Game: Professor Layton and the Eternal Diva

Arguably this song has some of the most intense music from the entire series.

This song was my absolute favorite from this game. It’s dark, mysterious, and strangely beautiful.

It is exactly the kind of music I imagine appearing when something ominous and foreboding is drawing you to the end of the ocean on a stormy night.

It gives me the same vibes I got from the mermaid egg song when Harry Potter was in the Triwizard tournament. I just love geeking out on this stuff.


4. Calm Afternoon

Game: Professor Layton and the Last Spector

This refreshing song is a lot calmer than the rest of the songs on this list and not too heavy on the creepy undertones.

The slow music is akin to the type of music you’d expect to hear on a quiet cobblestone alley in Europe, where a street performer quietly plays his accordion. Something like that.

It makes the atmosphere seem more calm and tired than dreary and depressing to me. But I know some people would disagree on how it sounds.

What I hope no one can disagree with is that it’s a great song for video game music!


3. Asian Street

Game: Professor Layton and the Unwound Future

Even though this franchise was created it Japan, the entire world comes under heavy influence of western in European cultures.

Besides the fact the main character is a professor in London, the character design and soundtrack are for the most part distinctly European-inspired.
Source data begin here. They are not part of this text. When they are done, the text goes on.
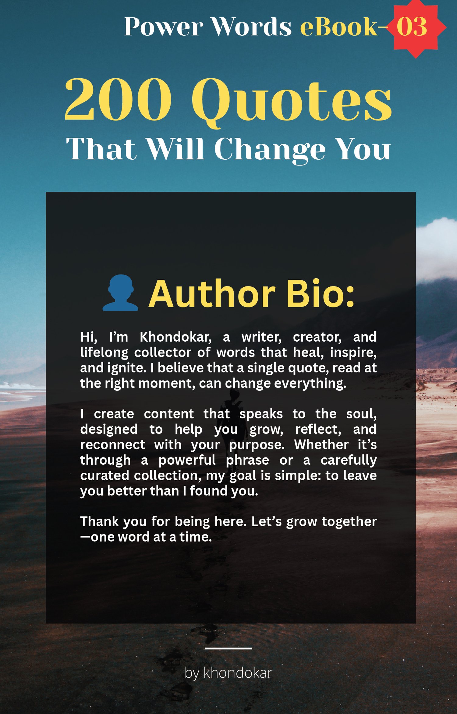"200 Sparks: Quotes That Will Change You" is more than just a book—it's a journey of transformation, one quote at a time. Inside this carefully curated collection, you'll find a thousand powerful words of wisdom, drawn from timeless thinkers, modern voices, and original insights designed to awaken your soul, shift your perspective, and ignite your inner fire.
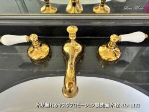 水栓金具は、品番がAO-1122のヤスダプロモーション製の豪華なワイドスプレッド・タイプ。
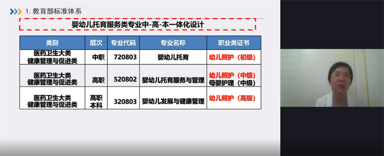 谢玉琳教授率先就新版《简介》中中职“婴幼儿托育”,高职“婴幼儿托育服务与管理”,高职本科“婴幼儿发展与健康管理”专业的职业面向、培养目标定位、主要专业课程与实习实训作了详细解读。“1+X幼儿照护职业技能等级证书分初、中、高三个等级,涵盖生活照料、安全防护、早期发展、特殊照护、入户指导等模块,与婴幼儿托育相关专业相匹配,被列入了多个专业职业类证书举例。”
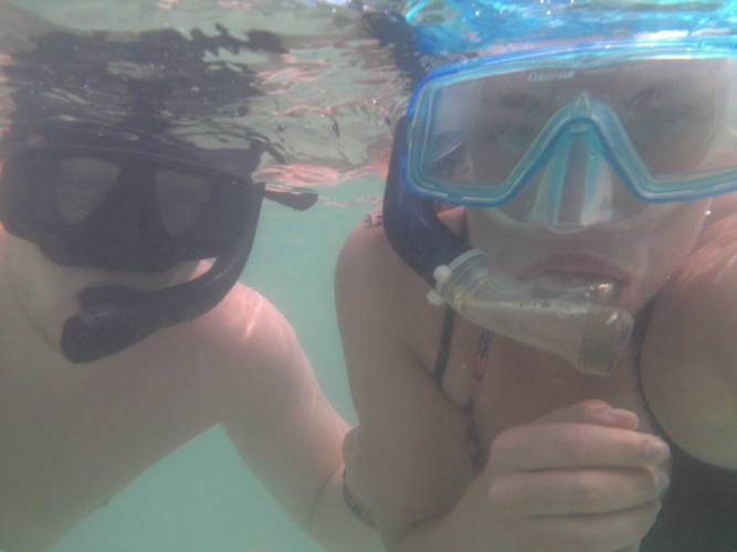 At one point we were surrounded by some black and yellow fish, Sergeant Majors, that followed us everywhere we swam, which of course Brogan began screaming. I, on the other hand, was loving life.
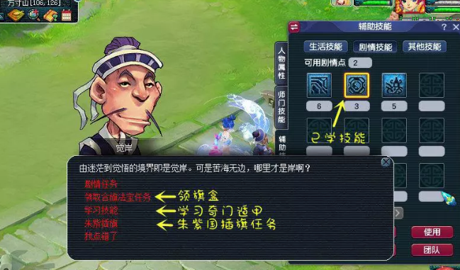 奇门遁甲是梦幻西游中的一项剧情技能,玩家在方寸山找到NPC觉岸进行学习。这项技能的核心消耗集中在剧情点上,这是游戏内通过完成剧情任务获取的特殊资源。学习奇门遁甲能为玩家提供便捷的传送功能,但需合理规划资源投入,以避免影响其他技能发展。
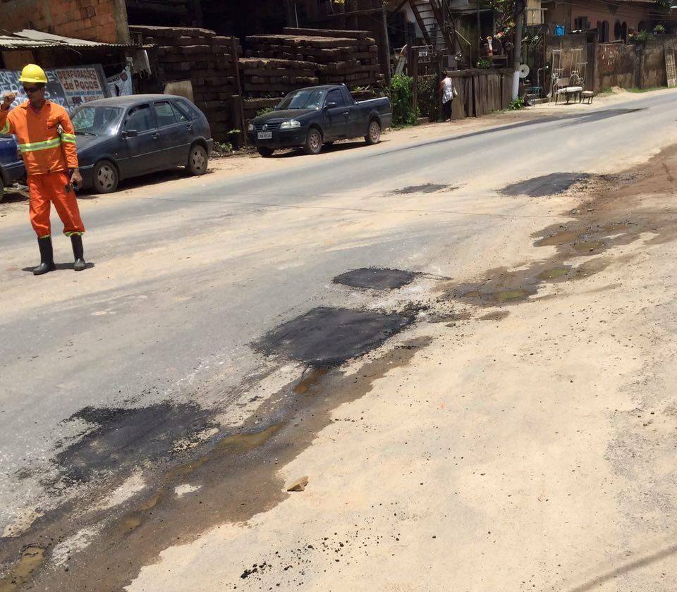 Atualização: A imagem abaixo mostra que os buracos em Itaipava começaram a ser tapados neste sábado (23).
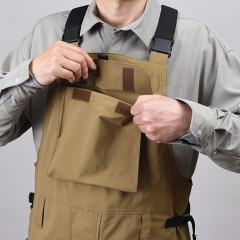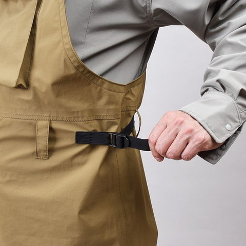 透湿防水オーバーオールSCレインジャケットとのセットアップを考慮した透湿防水オーバーオール。ジャケットフロント部からの浸水を防ぐサロペットタイプ。本体軽量ナイロン3レイヤー素材(aquamaxSUPREME透湿防水加工)。気温、湿度が高くなる時期や長距離移動時にもレイン内部の快適性を保つ透湿素材を使用。ショアアングラーの運動性を考慮した軽量モデル着用時にウエストサイズ調整が可能な左右アジャスター付きベルト。フラップ式ポケットは収納力を考慮したマチ付き仕様。サイズ:2XL(股上68cm、股下79cm、ウエスト126cm、ヒップ134cm、対応身長180-185cm)
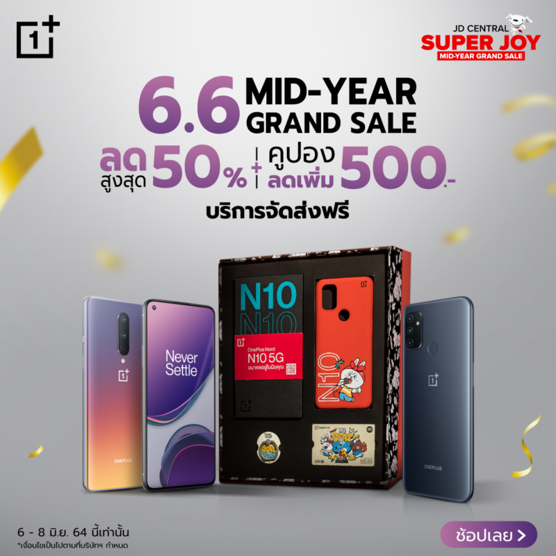 ต้อนรับเทศกาล 6.6 Mid-Year Sale กลางปี OnePlus แบรนด์สมาร์ทโฟนระดับเรือธงขนทัพโปรโมชันมากมายกับสมาร์ทโฟน, หูฟังและอุปกรณ์เสริม ลดสูงสุด 50% พร้อมคูปองส่วนลดเพิ่ม 500 บาท พิเศษ! ส่งฟรีทุกรายการทั้งสามช่องทางการจำหน่ายออนไลน์ Shopee, Lazada และ JD Central พิเศษกว่าทุกทีเพราะส่งฟรีทุกไอเท็ม! และยังมีของรางวัลแจกอีกเพียบ ช้อปโปรโมชั่นสุดคุ้ม OnePlus 6.6 ผ่านช่องทางออนไลน์ได้ที่
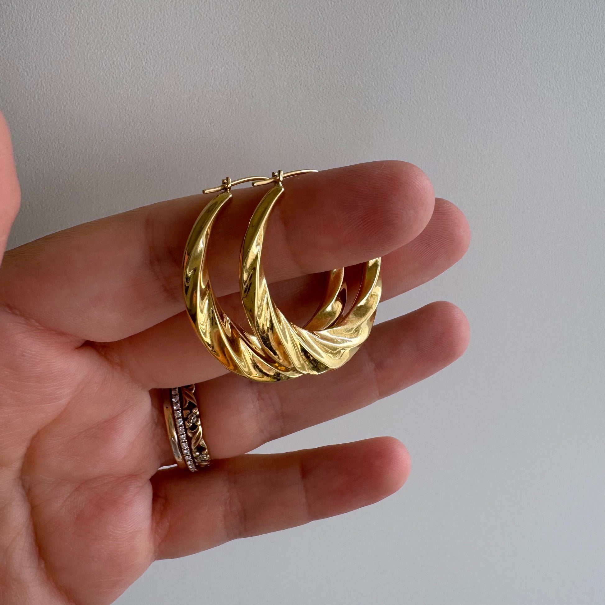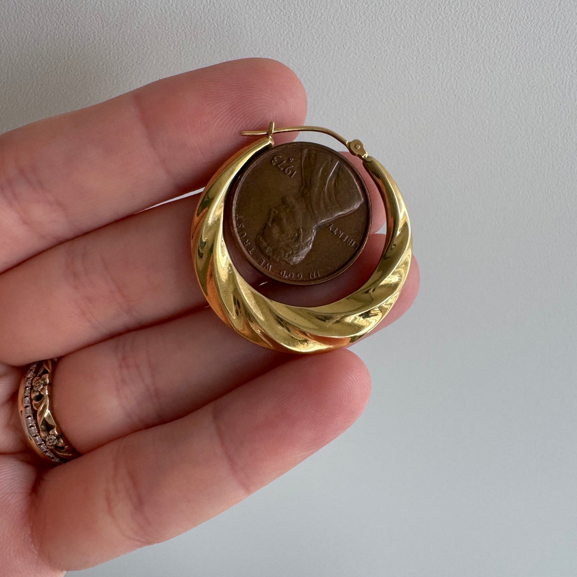 P R E - L O V E D // bright and shrimpy / 18k yellow gold hoops / over 1"
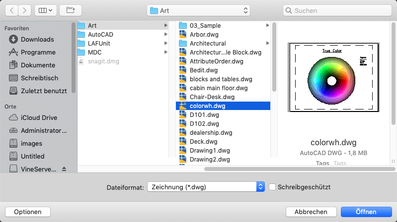 Je nach der Art des Dialogfelds zur Dateiauswahl wird die ausgewählte Datei geöffnet oder gespeichert bzw. der Pfad des ausgewählten Ordners im vorherigen Dialogfeld eingegeben.
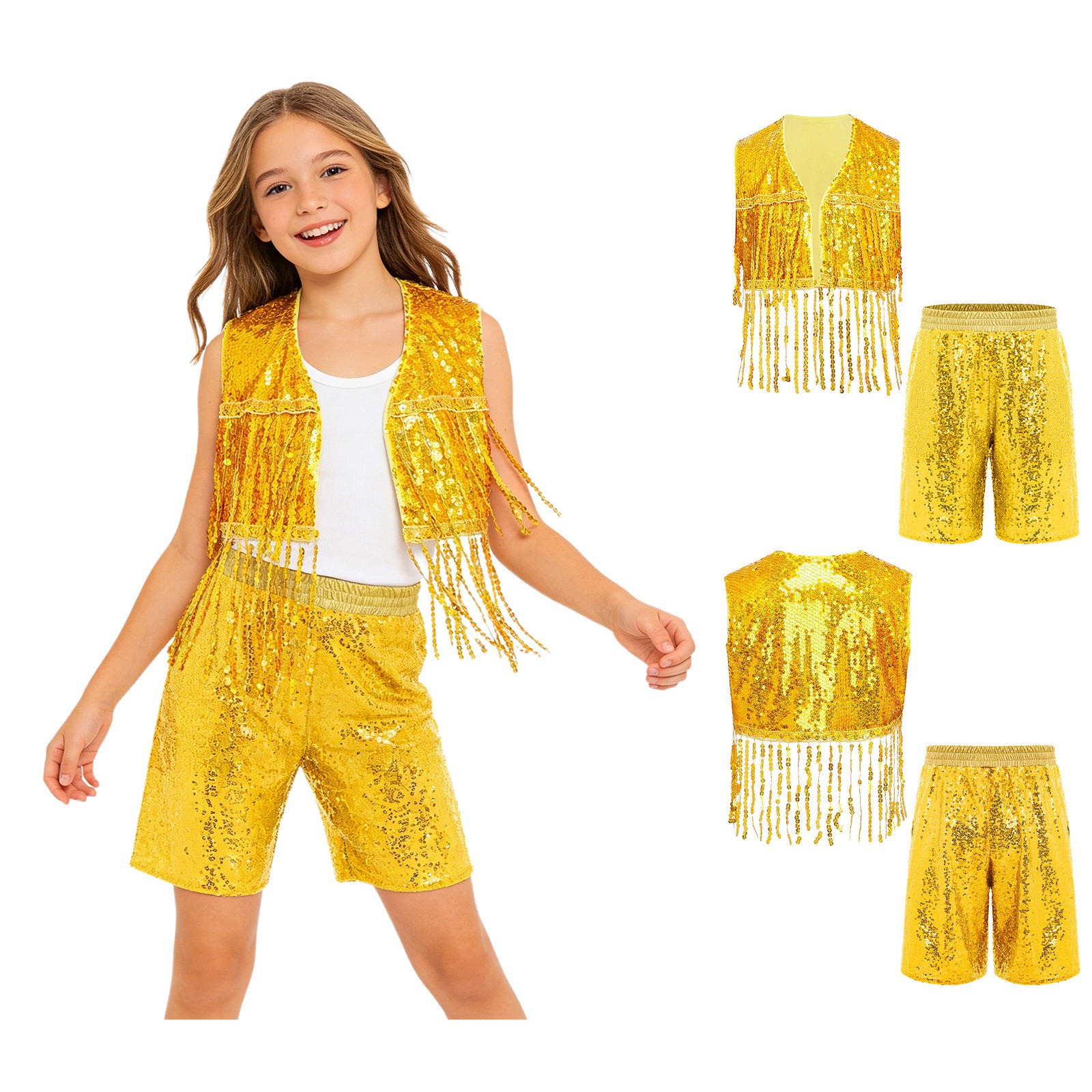 Kids Shorts Set Fringe Sequin Vest Tassel Jazz Dance Boys Outfits Costume Salsa

I always find it interesting when these sorts of games try to incorporate aspects of Eastern culture as well, as they are often beautifully merged together to make something unique and awe-inspiring.

This song is a great example of that.

Although there are recognizable elements of traditional Asian music, this was masterfully composed so that it didn’t really stand out from the rest of the soundtrack as odd or unmatching.


2. A Disquieting Atmosphere

Game: Professor Layton and the Diabolical Box

The name seriously speaks for itself.

It is like the track of a horror movie where they are trying to build suspense that something bad is going to happen. But then the music never climaxes.

This is the perfect tune to add a little friendly stress to the game. The slow moving rhythm and soft tunes make me feel like I should be tiptoeing everywhere. Classic Professor Layton if I do say so myself.


1. Layton’s Theme

Game: Professor Layton and the Curious Village

For any readers who have seen my other ranking articles, there really should be no surprise here.

This is the main theme to the original song giving it a generous amount of sentimental points.

It is also the perfect Layton song which I believe manages to check all the boxes on what this game series is really like.

I know that I am not alone when I say my favorite genre of literally anything is cute with creepy undertones.

This is almost like if someone took a track that belonged in a feel-good small town game like Animal Crossing, and added a twinge of scary suspenseful feelings in the background.

This is a track I would totally play at a kid-friendly Halloween party, and I bet a few of the kids would recognize it.